Hello, if you have any need, please feel free to consult us, this is my wechat: wx91due
MATH39512 Survival Analysis for Actuarial Science: example sheet 5
*=easy, **=intermediate, ***=difficult
* Exercise 5.1
Consider again Exercise 2.4
(a) Use R to produce a plot of the Kaplan-Meier estimate of the data set in Exercise 2.4.
(b) Use R to compute the estimate in part (c) of Exercise 2.4 in an efficient way. (Hint: use the survfit() command to create suitable vectors and then use the diff() and sum() commands.)
* Exercise 5.2
Consider again Exercise 3.4.
(a) Use R to produce a plot of the Nelson-Aalen estimate of the data set in Exercise 3.4.
(b) Use R to produce a plot of the estimate of the variance of the N-A estimator as defined in Exercise 3.4. (Hint: use the last piece of code in Section A.1 for inspiration.)
*** Exercise 5.3
In R, install and load the KMsurv package containing datasets from the book of Klein and Moeschberger (1997) Survival Analysis Techniques for Censored and truncated data, Springer. This can be done
via the commands
1 install . packages ( " KM surv " )
2 library (KM surv)
Load the data set channing by using the command data(channing). This produces a data frame called channing which consists of data on the death times of 462 elderly residents of Channing House, a retirement centre in California. Use help(channing) to get further information on this data set.
(a) Work with time since entry into the retirement centre as the time scale.

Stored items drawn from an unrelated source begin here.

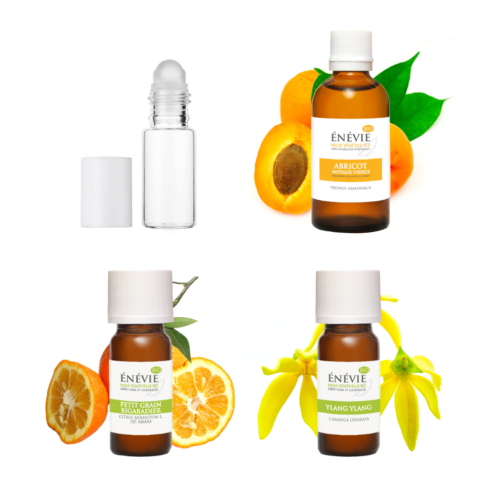 Dans le roll on 5 ml, ajoutez 35 gouttes de chaque huile essentielle et complétez le roll-on avec l’huile végétale de noyaux d’abricot.
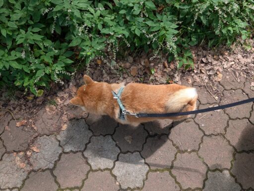 ハーネスは「柴犬と言えば唐草模様でしょう」という飼い主の安易な買い物により。今度、風呂敷も買おうかね。
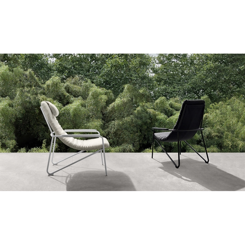 structure acier inoxydable finition époxy, accoudoirs hpl outdoor, assise suspendue mousse et tissu outdoor
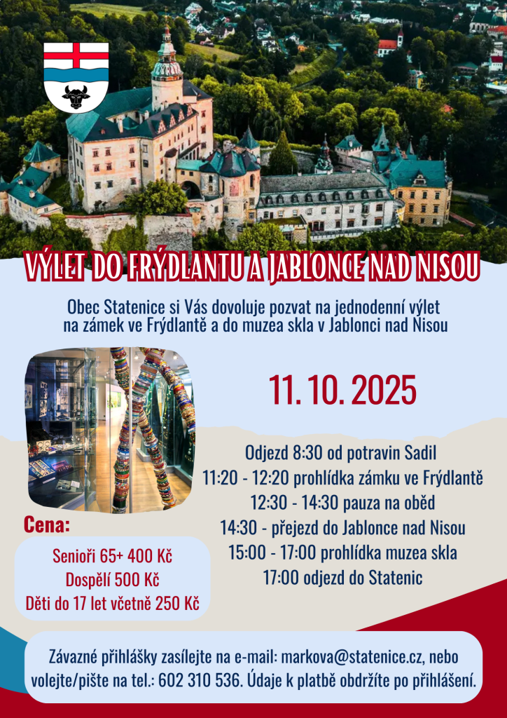 Obec Statenice pořádá jednodenní výlet na zámek ve Frýdlantě a do muzea skla v Jablonci nad Nisou. Odjezd je naplánován na 8:30 od potravin Sadil. Následuje prohlídka zámku, po které bude pauza na oběd. Po obědě se vydáme do Jablonce nad Nisou na prohlídku muzea skla, která potrvá do 17:00, kdy se vrátíme zpět do Statenic. Závazné přihlášky je třeba zaslat na email markova@statenice.cz nebo kontaktovat telefonicky.
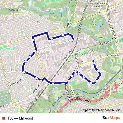 The first stop of the 156 bus route is Wicksteed Ave at Leslie St and the last stop is Thorncliffe Park Dr (East) at Overlea Blvd. 156 (Millwood) is operational during tous les jours.

(i) Produce a suitable plot containing both the Kaplan-Meier estimate of the survival function of a male as well as of a female resident.
(ii) What is the estimated median number of months that a resident spends in the retirement centre.
(iii) Perform the log-rank test at the 5% significance level to test whether there is a difference in the survival time distribution between male and female residents and report your conclusions.
(iv) Perform the log-rank test at the 5% significance level to test whether there is a difference in the survival time distribution between a female resident with age at entry less than 75 years exact and a female resident with age at entry more than or equal to 75 years
exact. Report your conclusions. (b) Work with age as the time scale.
(i) Produce a suitable plot containing the Kaplan-Meier estimate of the survival function of a female resident.
(ii) Produce a suitable plot containing the Kaplan-Meier estimate of the survival function of a male resident. (Hint: there is problem with the male data which prevents one from getting a sensible K-M estimate. Find out what the problem is and come up with an appropriate workaround.)
(iii) Why is it not a good idea to provide the plots in one graph as in part (a)(i)?
(iv) Estimate the probability that a male resident dies between the ages 80 exact and 85 exact.
(v) Estimate the conditional expectation of the age at death in years of a female resident given that she dies before age 90 exact.
** Exercise 5.4
Consider the following survival data corresponding to a homogeneous group of 20 individuals where + denotes a censored value:
6.7 12.8 5.5+ 4.9+ 4.3+ 5.6 7.6 4.8 3.7+ 15.6+
3.3 7.4 6.0 2.6 11.0 4.2+ 6.9 15.9 8.4 7.5+
Check graphically if a Weibull distribution of the survival times corresponding to the data is appropriate. Do the same with an exponential distribution. Report your conclusions.
*** Exercise 5.5
Let Ti be the survival time and Ci the censoring time of individual i = 1, . . . ,n. Assume the pairs (T1, C1 ), (T2, C2 ), ...,(Tn, Cn) are i.i.d. and the common joint survival function of (Ti, Ci) is given by
e(Ti > t, Ci > y) = e−µt−βy−θty, t,y ≥ 0,
where the parameters µ , β and θ satisfy µ > 0, β > 0 and θ ∈ [0,µβ]. (Note that in the literature, (Ti, Ci) is said to have a Gumbel’s bivariate exponential distribution.) For this exercise you should make use of the R script simbivarexp .r which generates outcomes of (Ti, Ci). This script can be
found on the course materials webpage.
(a) What is the hazard function of T1?
(b) Assume µ = 1, β = 1.5 and θ = 0. Simulate outcomes of (Ti, Ci) for two groups consisting of 1000 (independent) individuals each. Assume that for one group you observe the exact surivival times Ti for each individual (i.e. there is no censoring) whereas for the other group you only observe the minimum of Ti and Ci for each individual (i.e. there is censoring). Plot the Kaplan-Meier estimates for both groups and perform the log-rank test by using R.
(c) Do the same as in part (a) but now assume θ = 1.5 instead of θ = 0.
(d) Report your conclusions regarding whether or not the censoring is independent for each of the two cases considered (i.e. the case in part (a) and the case in part (b)).
(e) Can you think of a reason why we need to simulate two independent groups of 1000 individ-uals in both parts (a) and (b)? Why can we not just simply simulate one group and then compare, via the log-rank test, the case where there is no censoring with the case where there is censoring?